Принцип формы в эстетике - страница 2

Шрифт
Интервал


Но Андрей Белый дополняет этот опыт веков. Символ – не просто носитель готовых образов, пусть даже самых впечатляющих и убедительных. Это еще и регламент этих встреч, не менее убедительный, чем любое расписание, определяющее порядок всей нашей жизни. Когда Пастернак сравнивает расписание поездов со Священным Писанием, или когда Ахматова велит брать «Немного у жизни лукавой, И все – у ночной тишины», тем самым установив меру творческих вдохновений, они выступают как продолжатели и толкователи Андрея Белого.

Борис Николаевич Бугаев, взявший себе псевдоним в честь мужества (Андрей) и синтеза наук (белый как синтез всех цветов спектра и одновременно символ чистого ожидания), родился в семье крупного математика, профессора Московского университета. «Профессорский сын», как вспоминала Цветаева, тоже дочь профессора, Андрей Белый переживал это как клеймо: слишком ко многому обязывает происхождение всех родственников из ученой семьи. Но парадокс: Андрей Белый отталкивался от Николая Дмитриевича Бугаева как личности, но при этом часто цитировал его математические труды, видя в исследованиях типов и форм бесконечностей одну из лучших моделей символистской теории искусства.

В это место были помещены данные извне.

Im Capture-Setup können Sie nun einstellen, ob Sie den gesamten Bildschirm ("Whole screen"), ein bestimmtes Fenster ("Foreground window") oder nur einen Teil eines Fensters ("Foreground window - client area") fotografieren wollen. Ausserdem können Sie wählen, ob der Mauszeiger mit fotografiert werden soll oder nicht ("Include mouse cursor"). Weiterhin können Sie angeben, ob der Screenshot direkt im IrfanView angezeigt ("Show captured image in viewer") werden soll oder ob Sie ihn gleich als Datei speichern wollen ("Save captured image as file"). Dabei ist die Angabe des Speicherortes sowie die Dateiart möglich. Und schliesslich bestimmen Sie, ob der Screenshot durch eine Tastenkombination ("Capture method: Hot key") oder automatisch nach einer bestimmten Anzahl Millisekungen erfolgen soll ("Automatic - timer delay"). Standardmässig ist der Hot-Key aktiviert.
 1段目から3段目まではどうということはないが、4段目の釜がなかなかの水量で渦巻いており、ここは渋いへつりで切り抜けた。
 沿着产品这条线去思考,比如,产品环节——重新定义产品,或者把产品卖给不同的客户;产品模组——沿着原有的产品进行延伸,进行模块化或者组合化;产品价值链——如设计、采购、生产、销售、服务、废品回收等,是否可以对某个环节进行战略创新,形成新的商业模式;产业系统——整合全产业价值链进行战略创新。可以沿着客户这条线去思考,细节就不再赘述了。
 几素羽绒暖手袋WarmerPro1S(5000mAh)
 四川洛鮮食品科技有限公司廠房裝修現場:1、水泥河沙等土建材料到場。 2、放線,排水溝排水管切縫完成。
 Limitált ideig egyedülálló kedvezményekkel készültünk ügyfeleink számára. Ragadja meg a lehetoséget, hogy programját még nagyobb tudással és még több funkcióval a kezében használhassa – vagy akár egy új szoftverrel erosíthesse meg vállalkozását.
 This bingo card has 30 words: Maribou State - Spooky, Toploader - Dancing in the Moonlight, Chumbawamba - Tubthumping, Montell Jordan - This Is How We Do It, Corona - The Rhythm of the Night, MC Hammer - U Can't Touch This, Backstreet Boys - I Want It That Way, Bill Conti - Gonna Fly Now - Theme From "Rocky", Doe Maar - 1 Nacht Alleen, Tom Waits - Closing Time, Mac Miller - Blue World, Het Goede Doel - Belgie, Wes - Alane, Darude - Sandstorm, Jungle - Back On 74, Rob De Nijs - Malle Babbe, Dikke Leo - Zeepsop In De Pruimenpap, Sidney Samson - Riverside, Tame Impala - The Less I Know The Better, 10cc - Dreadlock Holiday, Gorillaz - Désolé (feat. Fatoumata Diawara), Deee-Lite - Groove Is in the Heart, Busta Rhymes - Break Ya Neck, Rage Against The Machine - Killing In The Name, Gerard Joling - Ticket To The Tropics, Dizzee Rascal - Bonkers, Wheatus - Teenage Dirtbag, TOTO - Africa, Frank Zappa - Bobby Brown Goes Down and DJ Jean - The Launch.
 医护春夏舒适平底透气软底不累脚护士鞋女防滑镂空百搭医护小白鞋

Андрей Белый тяготился родственными отношениями, всегда предпочитая дружбу родству. Влюблялся он самозабвенно и кошмарно, то в Нину Петровскую, возлюбленную Брюсова, то в Любовь Менделееву, законную супругу Блока. Женитьба на художнице Асе Тургеневой не принесла ему покоя: как часто бывало тогда, они мыслили свои отношения как «девственный брак», дружеский союз возвышенного служения смыслам, не оскверненный низкими движениями плоти. Такой дружеский брак был обычен среди философов-идеалистов: таковы были отношения Николая Бердяева и Лидии Трушевой-Рапп, французского богослова Жака Маритена и Раисы Уманцовой. Это было и новое понимание брака, которое выразила Раиса Маритен в одном из стихотворений: «Одинокая птица Листопад золотой Призывает напиться Своей чистой слезой. Воробей с этой веткой, Скорой встречи умы, Обвенчались в беседке Ностальгической тьмы» (перевод с фр. мой. – А. М). Но что хорошо для философов, умеющих предаваться длительным дисциплинированным размышлениям, не подходит для поэтов и художников, которым надлежит всегда самим устанавливать себе законы и нести за это ответственность. Борис и Ася стали адептами швейцарского мистика Рудольфа Штейнера, учившего о духовной эволюции человека и человечества, в ходе которой все эти законы установятся наилучшим образом. Штейнери-анство дало им покой, но не дало счастья.